В коридоре за дверью послышался шорох, не шаги, а шорох, будто отклеились от стены обои. Ли приподнялась и посмотрела на дверь. Ключ торчал в замке. Она попыталась, не вставая, припомнить, повернула ли она этот ключ и вдруг поняла – нет, не повернула! Вспомнила, что в коридоре нет никаких обоев, и вообще, ничего там нет. Голые зеленые стенки.

« Глупо! Даже если кто-то сейчас войдет и ударит меня с размаху ножом, ничего не переменится. Он останется мальчиком, а я его мамой.

Нельзя было строить отношения с ним, как с равным... Нужна была дистанция, дистанция. Он все время хочет меня поцеловать? Если я разрешу ему?.. Не важно, разрешу ли я, важно, хочу ли я сама этого? Это, конечно, волнует, но, конечно, не хочу. Ничего страшного не будет, если я с ним пересплю разок!.. Но это, пожалуй, будет хуже, чем с размаху ножом » .

Перед ней стояла женщина, одетая во все черное. Знакомая женщина, только Ли не сразу узнала ее. Как она вошла? Когда Ли приподняла голову, дверь была закрыта. Музыка на танцплощадке внизу прервалась. Женщина развязала платок. Ли вспомнила, как ее зовут.

– Тамара?

Танцплощадка ожила и заулюлюкала. Хлопнула ракетница, и черный силуэт за окном налился зеленым мерцающим светом.

– Зачем вы пришли? Что-то серьезное?

Только теперь Ли заметила, что правая рука Тамары перебинтована. Она присмотрелась: на черной одежде темные пятна. Пятен было много.

– Вообще-то, мне нужен ваш мальчик! – сказала Тамара. – Но, в общем, это теперь все равно. Все равно вы вместе.

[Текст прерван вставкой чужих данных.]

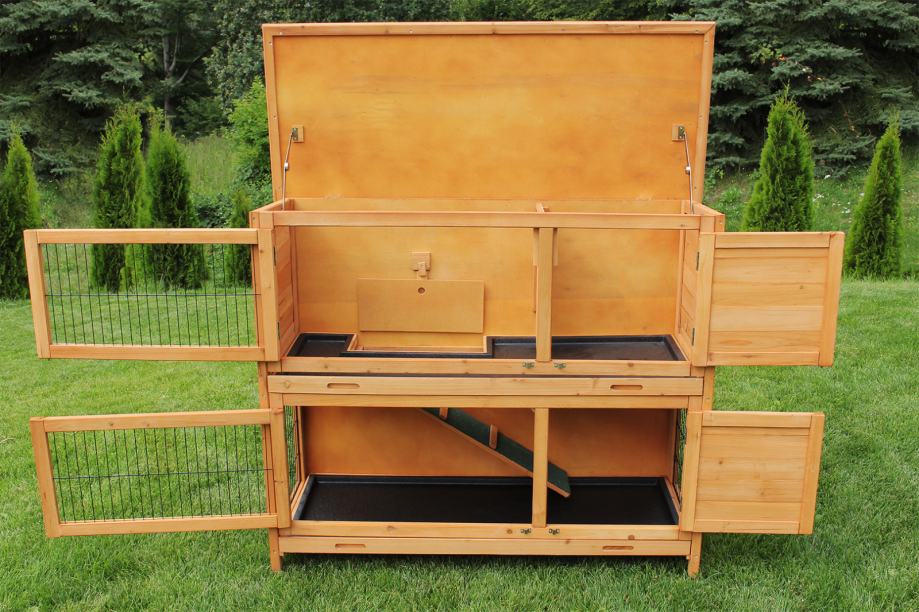 Se sprašujete, kako izgleda idealen dom za vašega ljubljenčka? Zajčnik nudi ljubljenemu dolgouhcu popolno mesto za dobro počutje! Zajčnik z dvema nadstropjema ima veliko prostora in veliko možnosti za umi. Zaradi vodoodbojne strehe in impregniranega lesa je zajčnik odporen tudi na vremenske vplive. Štiri vrata in streha, ki se odpira, omogočajo kadarkoli dostop do notranjosti dvonadstropne kletke. Tudi čiščenje je opravljeno v hipu – zahvaljujoč dvema izvlečnima predaloma.

– Что, мы вместе? – спросила Ли, и ей не понравился собственный голос.

– Как бы это по-русски... – Тамара облизала губы, губы ее еще хранили следы помады. – Вы вместе наслаждаетесь нашим горем!

– Чем?

– Вы бродите среди чужой крови. Вы туристы, вы осматриваете... – она покачивалась, сидя на стуле, – нашу войну, как какой-то экскурсионный объект.

– Что с вами?

– Не беспокойтесь, я не пьяная, хотя выпила, конечно. – Она помолчала и добавила: – Я потеряла сегодня близкого человека.

– Чего вы хотите от нас?

– В общем, ничего. – Тамара поднялась. – Я пришла сказать, что если вы хотите, то у вас есть возможность спасти девушку вашего сына. Если вы хотите, я дам вам адрес. Я скажу, что можно еще сделать...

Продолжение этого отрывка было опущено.